The still-gray morning seemed appropriate when a guy announced at one of my first stops that Paul Newman had died. Everyone started naming their favorite of his films. One man mentioned Sweet Bird of Youth; my own vote goes to Nobody’s Fool, which we've watched many times. It was Jessica Tandy’s last film, and the two of them together are wonderful.

The mood lightened as I left. One of the sellers hollered, “Hey, you can't leave without buying anything!” and I called back, “I sure can, just watch me!” I heard him laughing as I put the car in gear.

Another sale appeared to be a group’s fundraiser. One of the men put on a pair of white feathered angel wings, to much merriment.

His buddy said loudly, “There is something SO wrong about that!” But the real amusement came a little later, when he tried to take the wings off—and couldn’t. By now no one was paying attention to him, and he struggled to get the too-short elastic straps over his shoulders. Just as I offered to help, he managed to slip the first strap off.
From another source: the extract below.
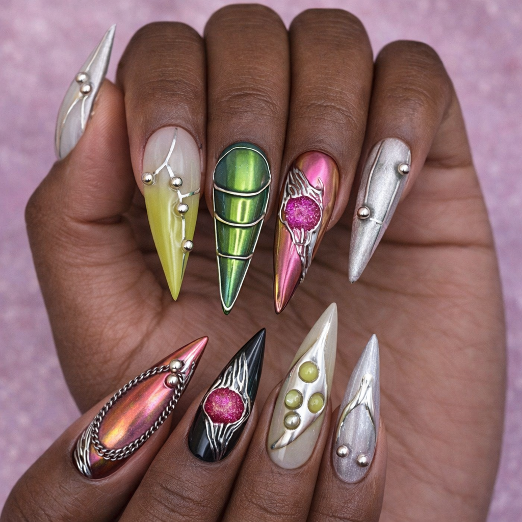 A bold stiletto set featuring electric green, molten pink, and chrome silver with sculpted metallic accents and luxe studs. Futuristic, fierce, and impossible to ignore.
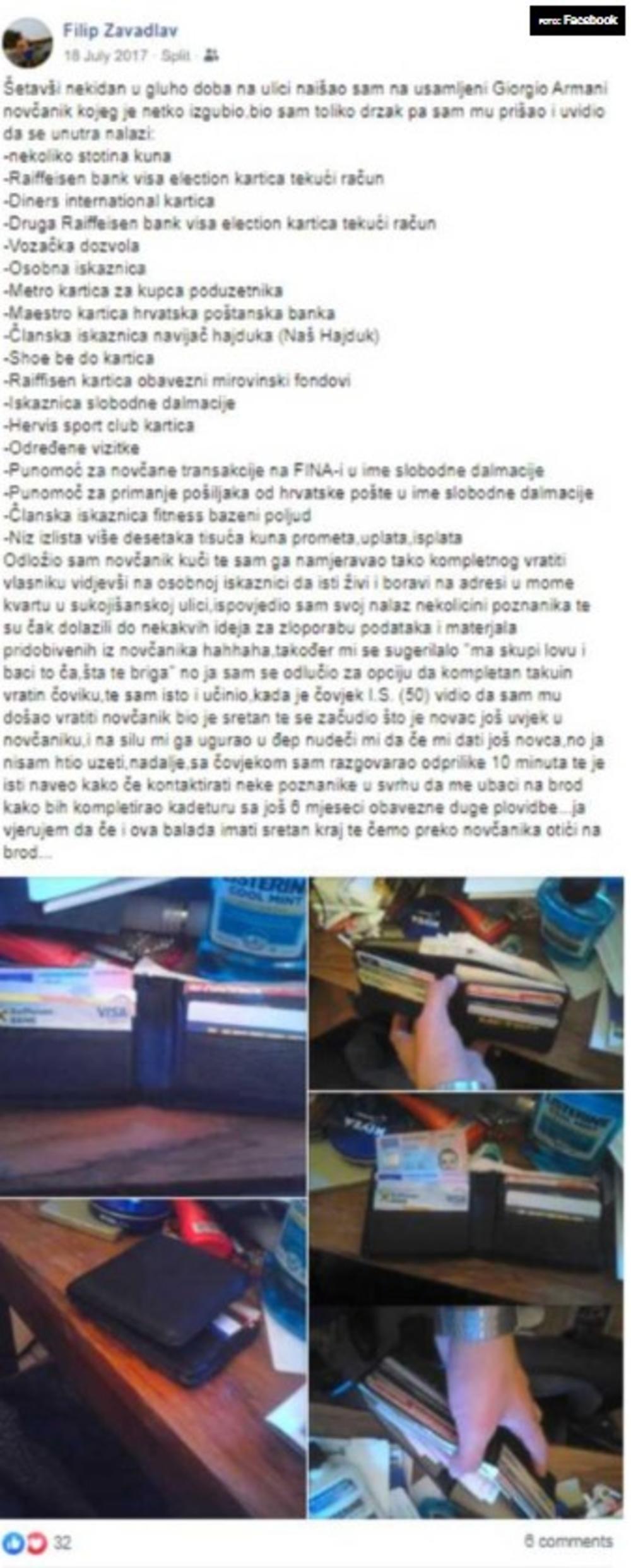 Zavadlav je u statusu na Facebooku iz jula 2017. godine detaljno opisao kako je pronašao nečiji novčanik, vratio ga, a zauzvrat mu je vlasnik kazao kako će ga ubaciti na brod.

He looked quite relieved. Imagine having to wear white feathered wings to work on Monday. Though I suppose if he’s the church going type, he’d have been quite a hit on Sunday.

The same sale had the usual large pile of clothing for sale. A man was trying to get a lower price on a dress, and the seller kept telling him it was five dollars. He offered two, and she said no, it's five. He offered three, and she said no, it's five. Finally in an exasperated voice she said, “Here, this is the lady who donated this dress. Elaine, how much do you want to sell this for?”
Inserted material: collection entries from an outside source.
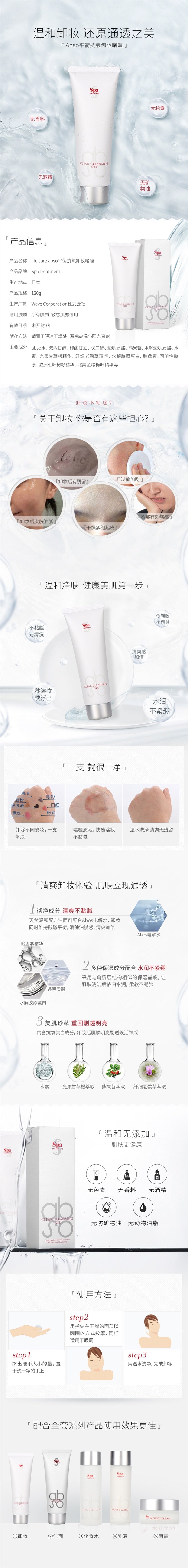 【自营】日本SPA TREATMENT蛇毒 新品ABSO平衡抗氧卸妆啫喱 120g 最新电解离子技术 温和脸眼唇卸妆无刺激
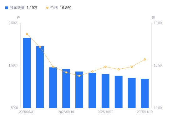 11月11日消息,数据显示,截至2025年11月10日,筑博设计A股股东总户数为1.19万户,较上期(2025年10月31日)减少200户,降幅1.65%。公司最新A股总股本为1.61亿股,其中流通A股1.13亿股,户均持有流通A股数量为9511.91股,较上期增加157.22股,增幅1.68%;户均持流通A股市值16.04万元,较上期增加6673.27元,增幅4.34%。
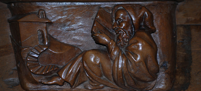Ces stalles achetées par la paroisse au XIXe siècle furent sculptées pour la basilique Saint-Sernin de Toulouse en 1670. Elles rappellent l’exotisme baroque où corbeilles de fleurs et guirlandes de fruits évoquent les jardins d’Éden. L’une des miséricordes – sorte de siège basculant – présente un moine lisant auprès de sa chapelle.
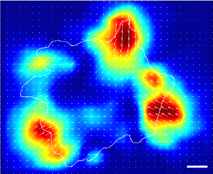 Force displacement fields of a human cell with induced actin ruffles around the cell periphery. The thin white lines indicate cell borders and the white arrows the directions and magnitude of the traction forces exterted by the cell. The red (blue) areas indicate high (low) traction forces. Scale bar; 10 µm.

Elaine said, “Five dollars.” That seemed to settle it.

Later I stopped at a sale run by two women. I asked the price of one or two items, then one of them said she might have seen me at another sale. I agreed this was likely. She said, “In fact I think you sold me a mouse.” This was over a year ago, but I remembered. We started laughing, and her friend gave us a questioning look. “There was this little wooden mouse that I saw at the first sale we stopped at, and I liked it, but I put it back,” the woman (her name turned out to be Nancy) said. “I was there at the same time,” I added, “and since she didn’t buy it, I did.” Nancy continued, “The whole morning I kept saying I should have bought that mouse, I should have bought that mouse. Then at the end of the morning, we got into conversation at another sale and started looking at what each other had bought, and there was my mouse!” So I sold it to her out of my trunk, and Nancy’s mouse now lives in her foyer, where she is happy to see it every time she comes home.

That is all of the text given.